I create a normal python list
a = [[[1,2],[3,4]],[[5,6],[7,8]],[[9,10],[11,12]]]
Now I want to shift the first row of each 2x2 array to the previous 2x2 array, wrapping the first back to the last. I use the following unpacking assignment statement:
a[0][0],a[1][0],a[2][0] = a[1][0],a[2][0],a[0][0]
I get the following, which is what I want
print(a)
[[[5, 6], [3, 4]], [[9, 10], [7, 8]], [[1, 2], [11, 12]]]
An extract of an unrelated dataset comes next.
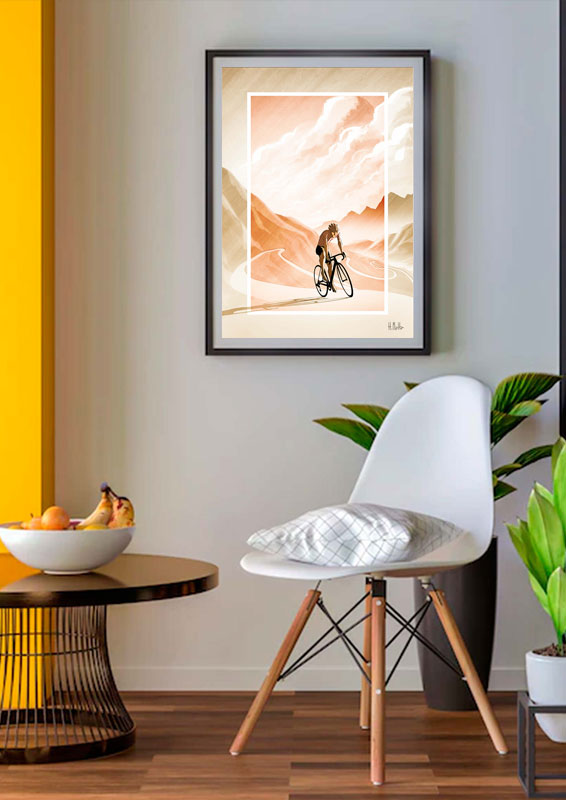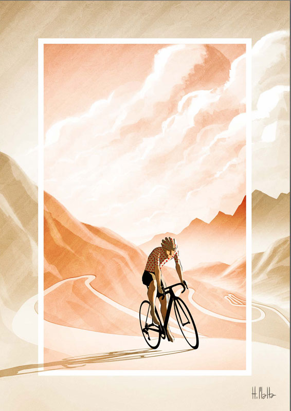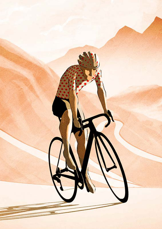 Nesta arte temos a camisa Polka Dot (branca com bolinhas) do líder de montanha, pontuação disputada nas subidas ou nas lendárias montanhas dos Alpes e Pirineus. Região caractarizada: Alpe dHuez.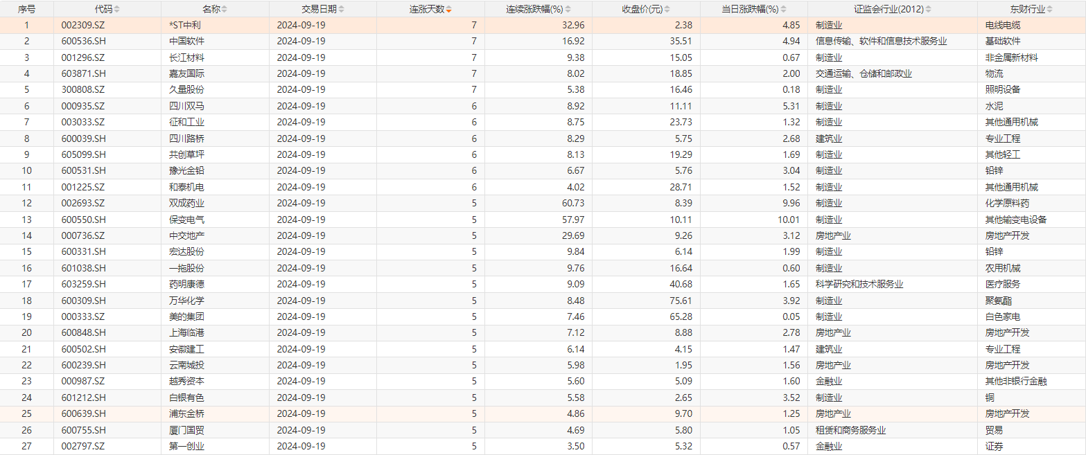 Choice数据统计,今日5只个股连续7天上涨,包括中国软件、长江材料等;6只个股连续6天上涨,包括四川双马、征和工业等;此外,双成药业、保变电气、中交地产等16只个股连续5天上涨。

Now, I do the same thing, this time, using numpy arrays
b = np.arange(1,13).reshape((3,2,2))
print(b)
[[[ 1 2]
[ 3 4]]
[[ 5 6]
[ 7 8]]
[[ 9 10]
[11 12]]]
The shift is the same as before but using numpy indexing syntax
b[0,0],b[1,0],b[2,0] = b[1,0],b[2,0],b[0,0]
print(b)
[[[ 5 6]
[ 3 4]]
[[ 9 10]
[ 7 8]]
[[ 5 6]
[11 12]]]
As you can see, this assignment left the first and last 2x2 arrays with the same first row.
Would you expect this behavior difference? Why does numpy do this but not the regular list type? How could the numpy assignment be done to result in the same result as the list?